DIRECTIONS FOR THIS TASK: Every line from the one with "Wie immer erfolgte" through the end of the entries below must be retyped exactly, and only those lines. The pictures are not part of the copy.

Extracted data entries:
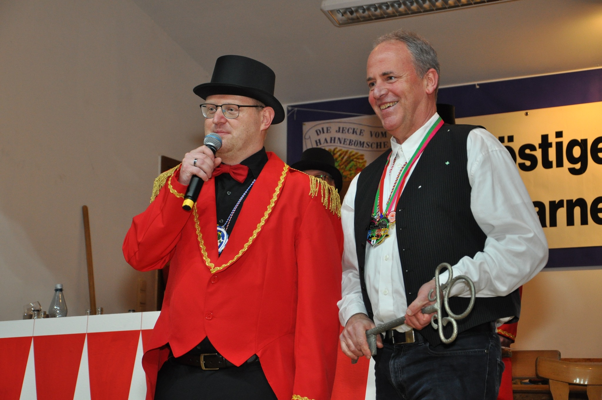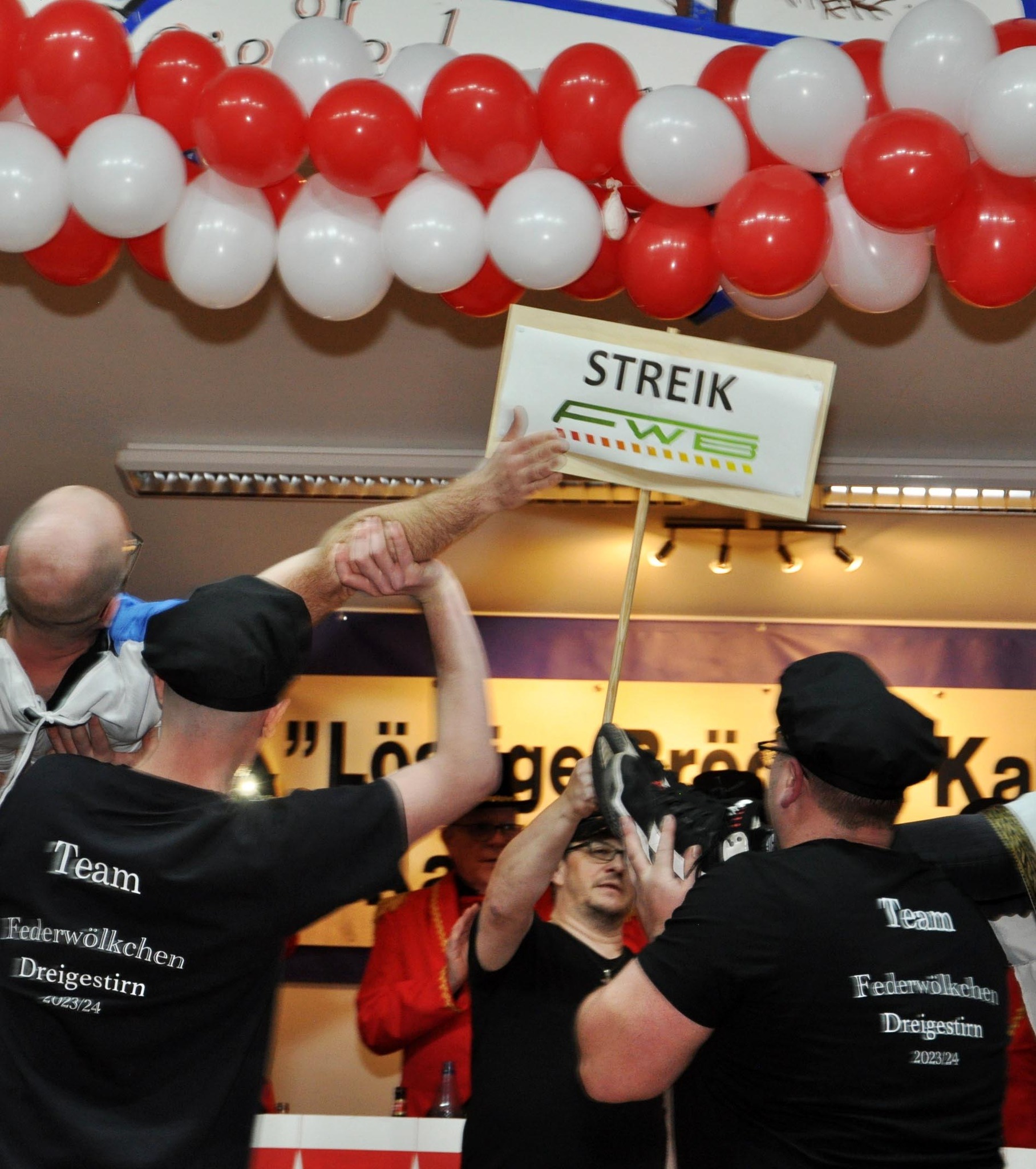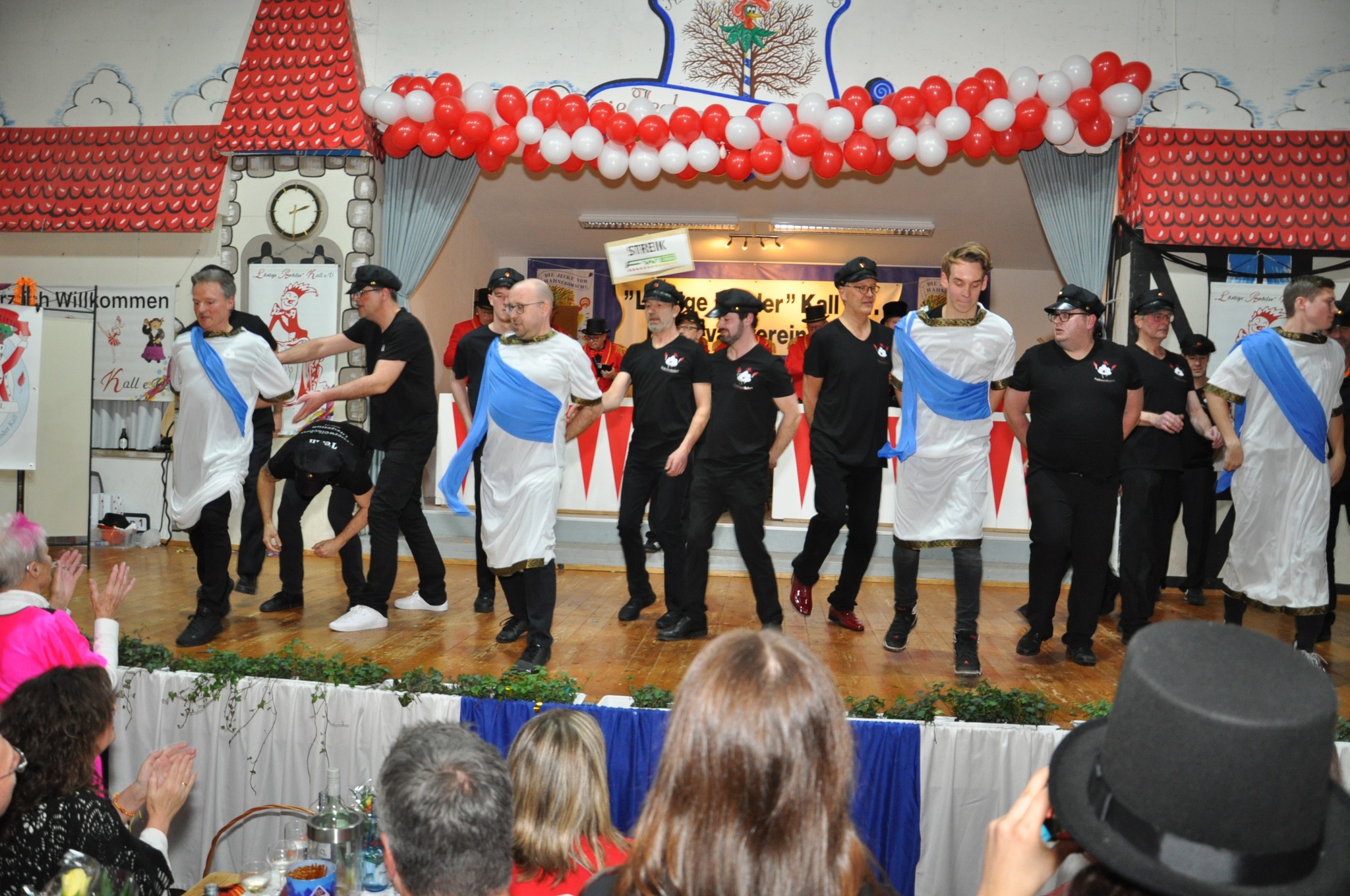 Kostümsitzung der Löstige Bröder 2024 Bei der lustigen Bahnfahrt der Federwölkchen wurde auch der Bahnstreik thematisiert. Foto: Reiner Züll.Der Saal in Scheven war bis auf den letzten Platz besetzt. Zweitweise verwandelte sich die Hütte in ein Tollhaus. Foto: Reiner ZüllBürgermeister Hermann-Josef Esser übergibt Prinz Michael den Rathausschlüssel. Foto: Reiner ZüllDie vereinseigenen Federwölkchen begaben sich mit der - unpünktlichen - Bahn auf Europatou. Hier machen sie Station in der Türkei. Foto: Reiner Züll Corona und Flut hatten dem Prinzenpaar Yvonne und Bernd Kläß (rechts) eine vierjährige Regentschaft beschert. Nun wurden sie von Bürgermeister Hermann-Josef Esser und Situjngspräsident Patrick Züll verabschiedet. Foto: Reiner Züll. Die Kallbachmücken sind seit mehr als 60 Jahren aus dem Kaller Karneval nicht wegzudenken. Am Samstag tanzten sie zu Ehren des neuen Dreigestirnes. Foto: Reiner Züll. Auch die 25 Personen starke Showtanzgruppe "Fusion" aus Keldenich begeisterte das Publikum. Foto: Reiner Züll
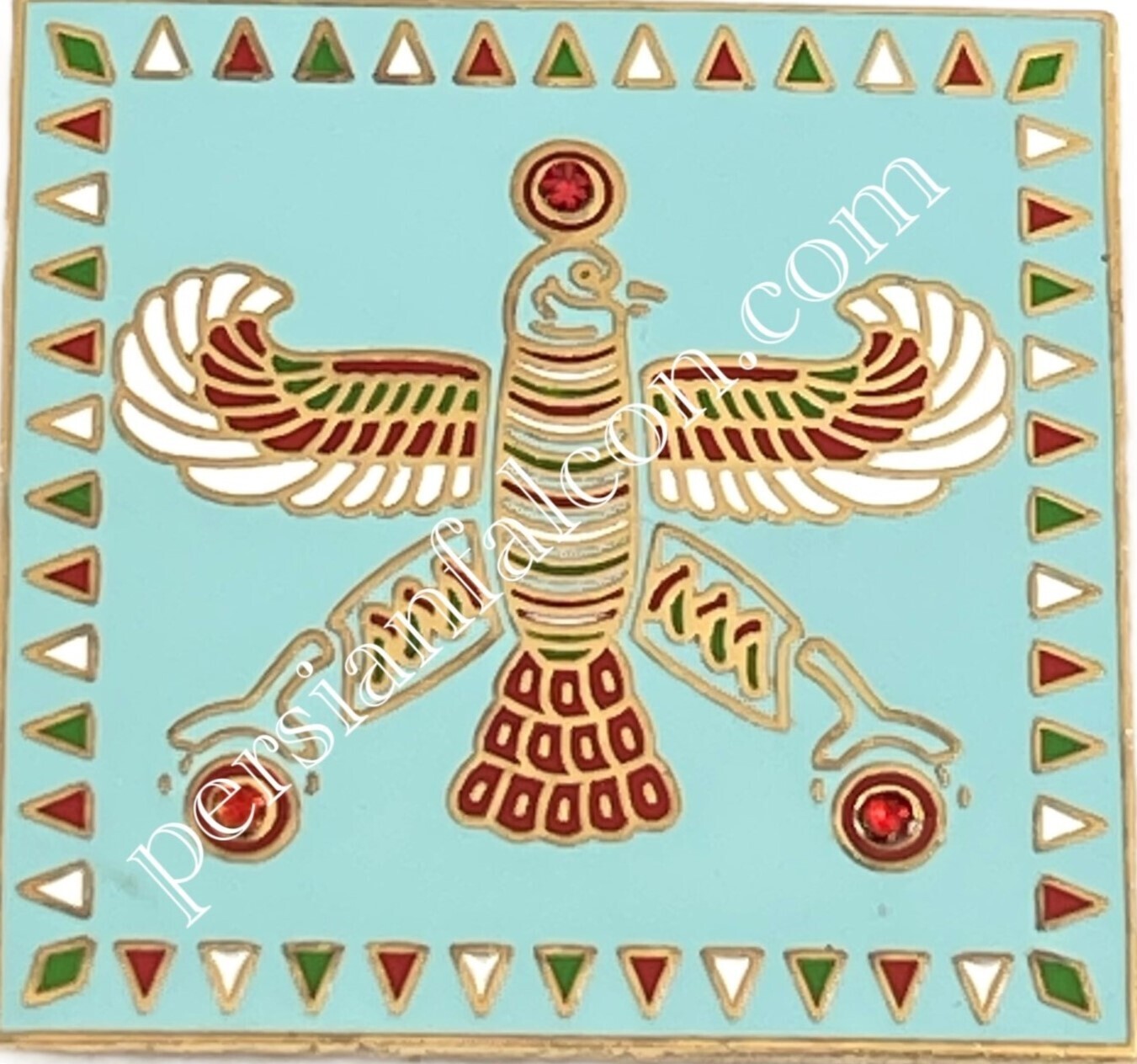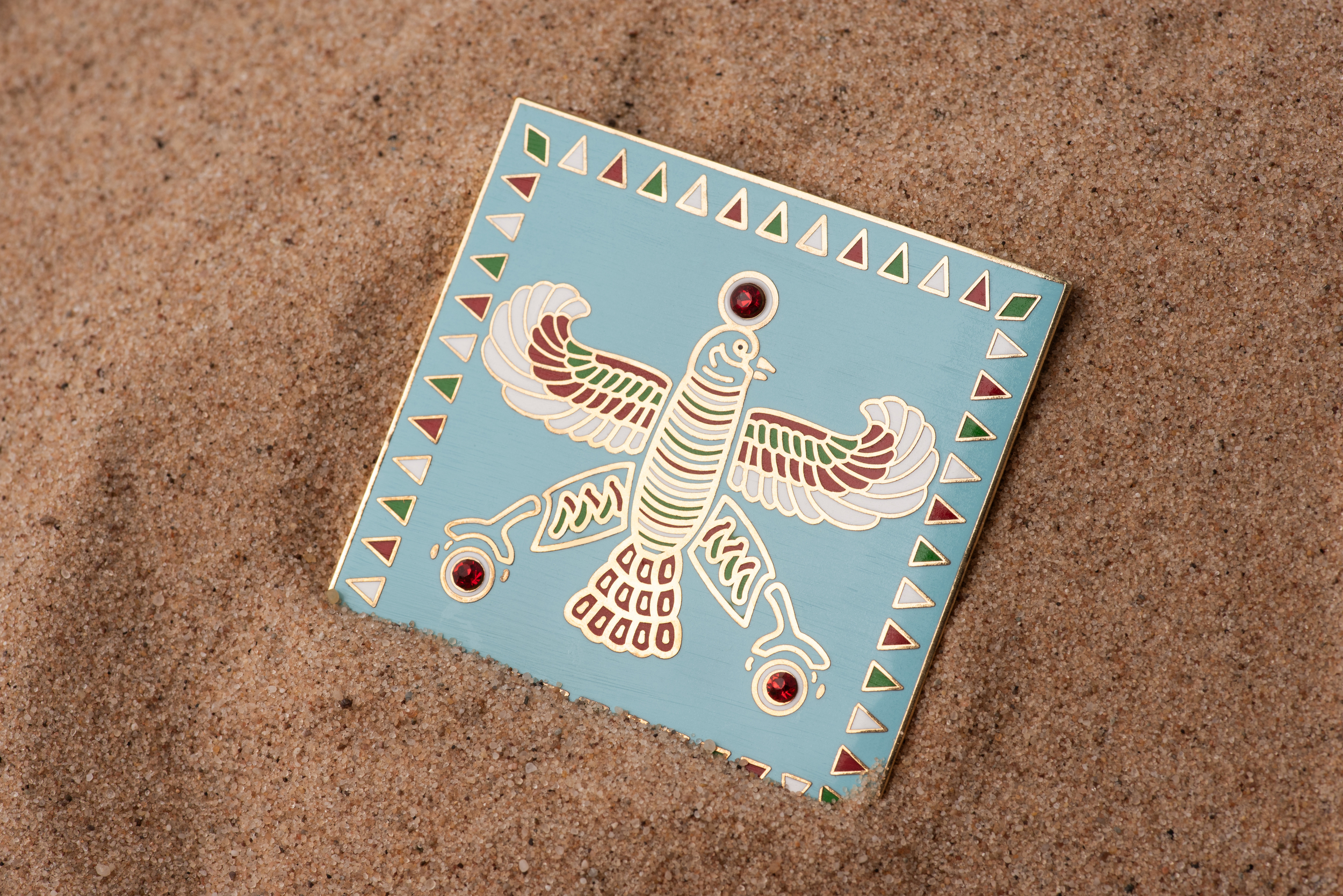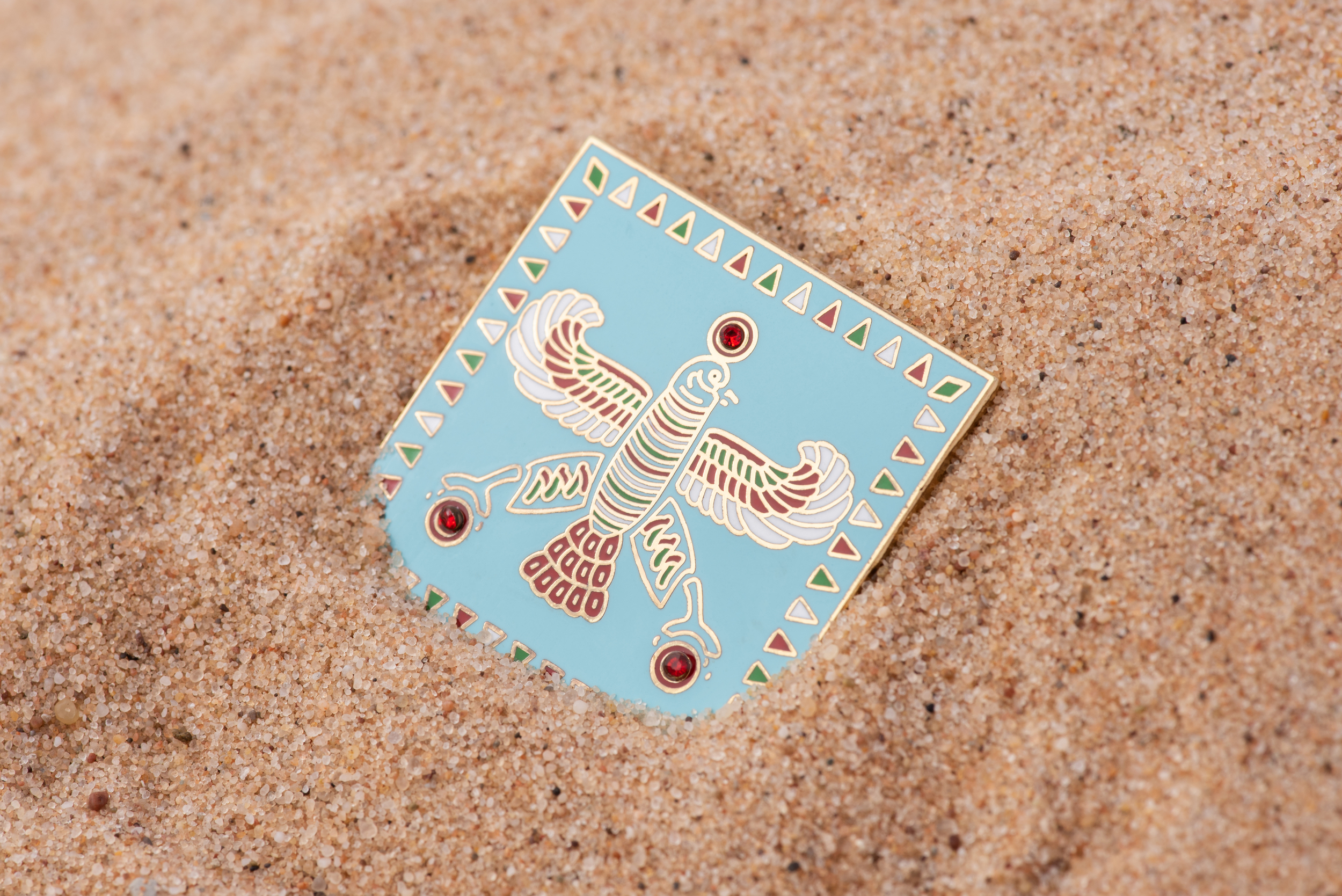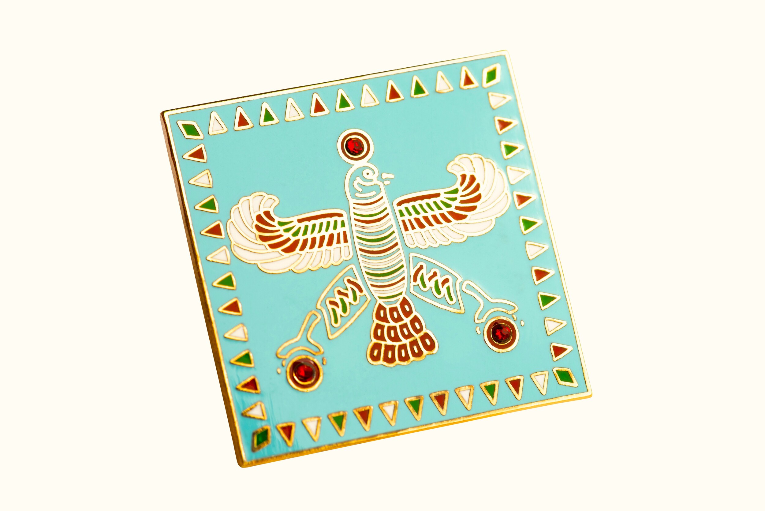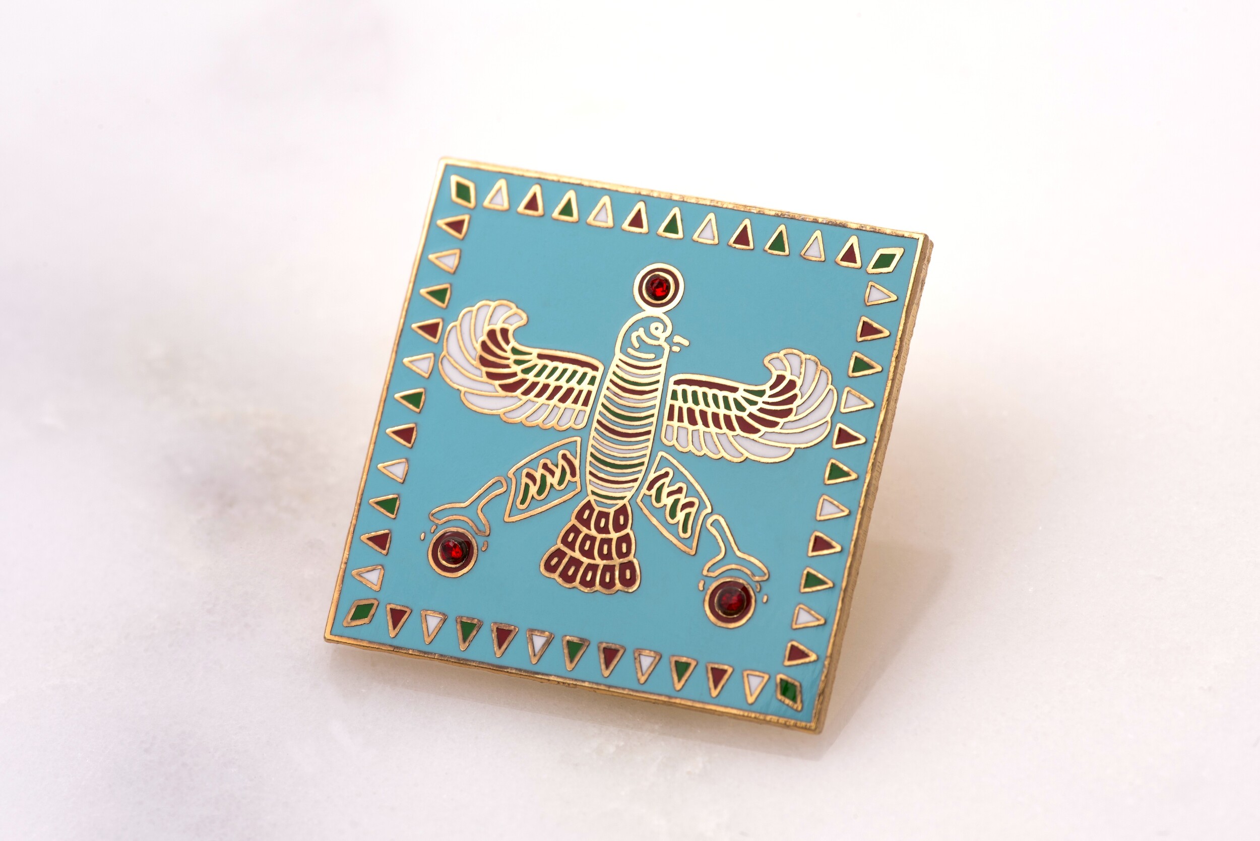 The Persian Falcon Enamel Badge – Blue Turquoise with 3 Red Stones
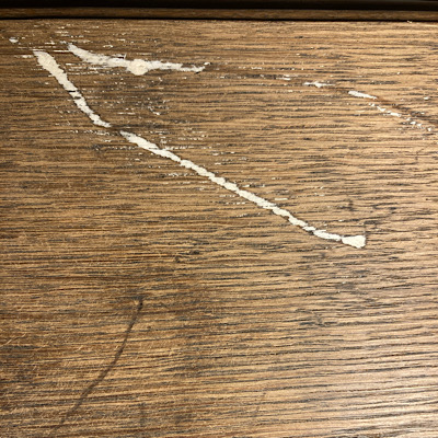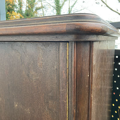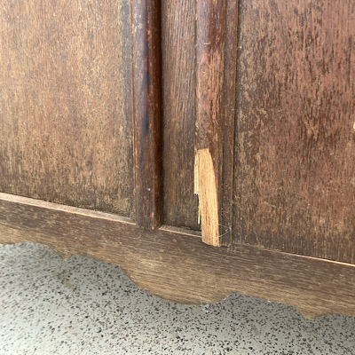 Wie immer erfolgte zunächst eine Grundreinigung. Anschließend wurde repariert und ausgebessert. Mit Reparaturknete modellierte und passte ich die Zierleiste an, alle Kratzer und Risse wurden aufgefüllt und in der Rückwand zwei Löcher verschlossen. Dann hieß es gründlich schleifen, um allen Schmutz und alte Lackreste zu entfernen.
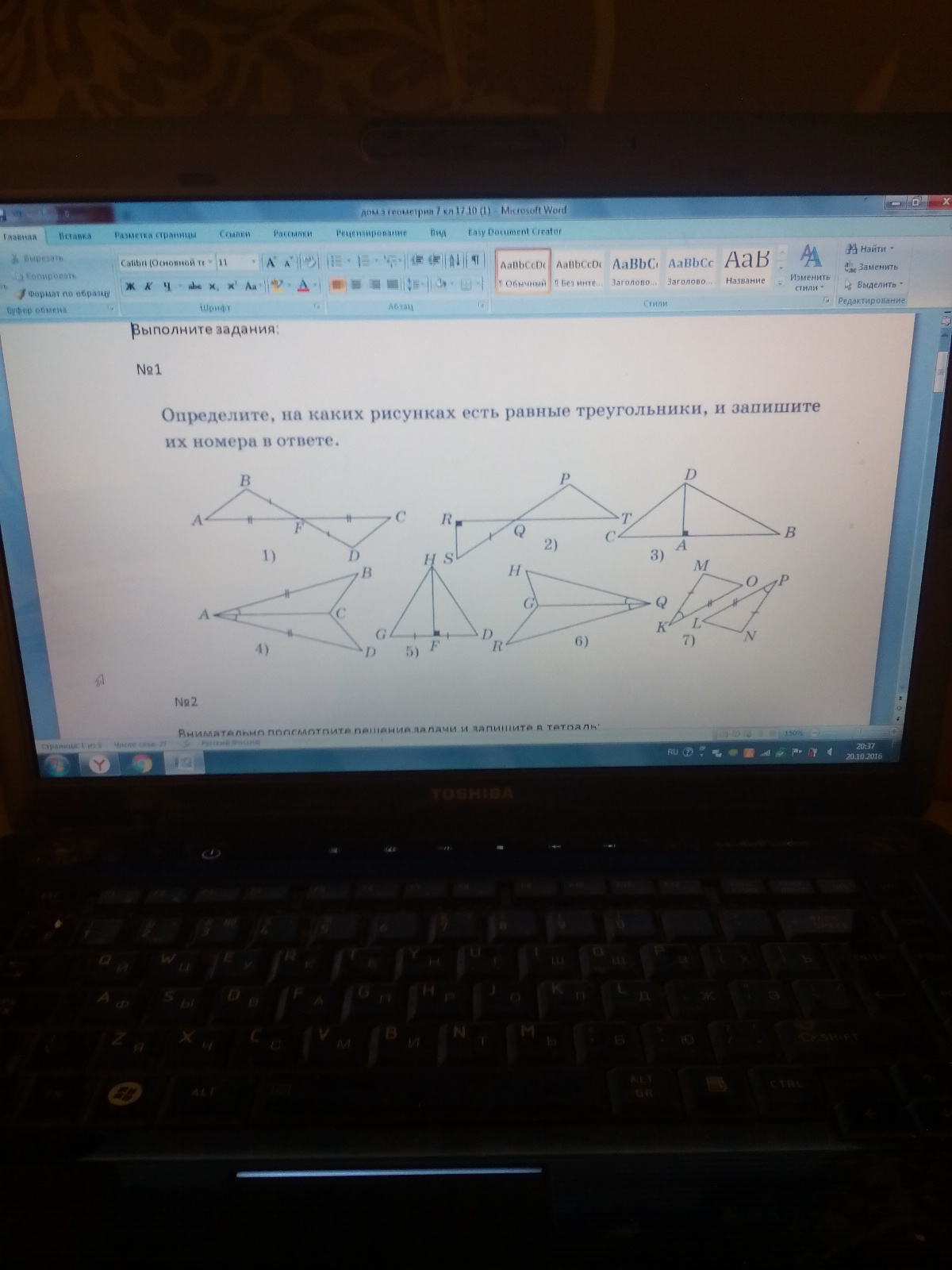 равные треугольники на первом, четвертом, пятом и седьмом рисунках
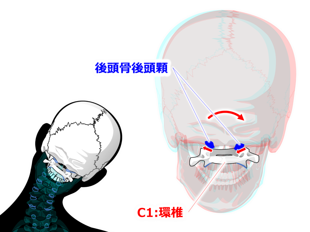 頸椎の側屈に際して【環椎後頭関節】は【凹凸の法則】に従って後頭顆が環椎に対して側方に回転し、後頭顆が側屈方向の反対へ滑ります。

WRITTEN REPLY:
 Wie immer erfolgte zunächst eine Grundreinigung. Anschließend wurde repariert und ausgebessert. Mit Reparaturknete modellierte und passte ich die Zierleiste an, alle Kratzer und Risse wurden aufgefüllt und in der Rückwand zwei Löcher verschlossen. Dann hieß es gründlich schleifen, um allen Schmutz und alte Lackreste zu entfernen.
 равные треугольники на первом, четвертом, пятом и седьмом рисунках
 頸椎の側屈に際して【環椎後頭関節】は【凹凸の法則】に従って後頭顆が環椎に対して側方に回転し、後頭顆が側屈方向の反対へ滑ります。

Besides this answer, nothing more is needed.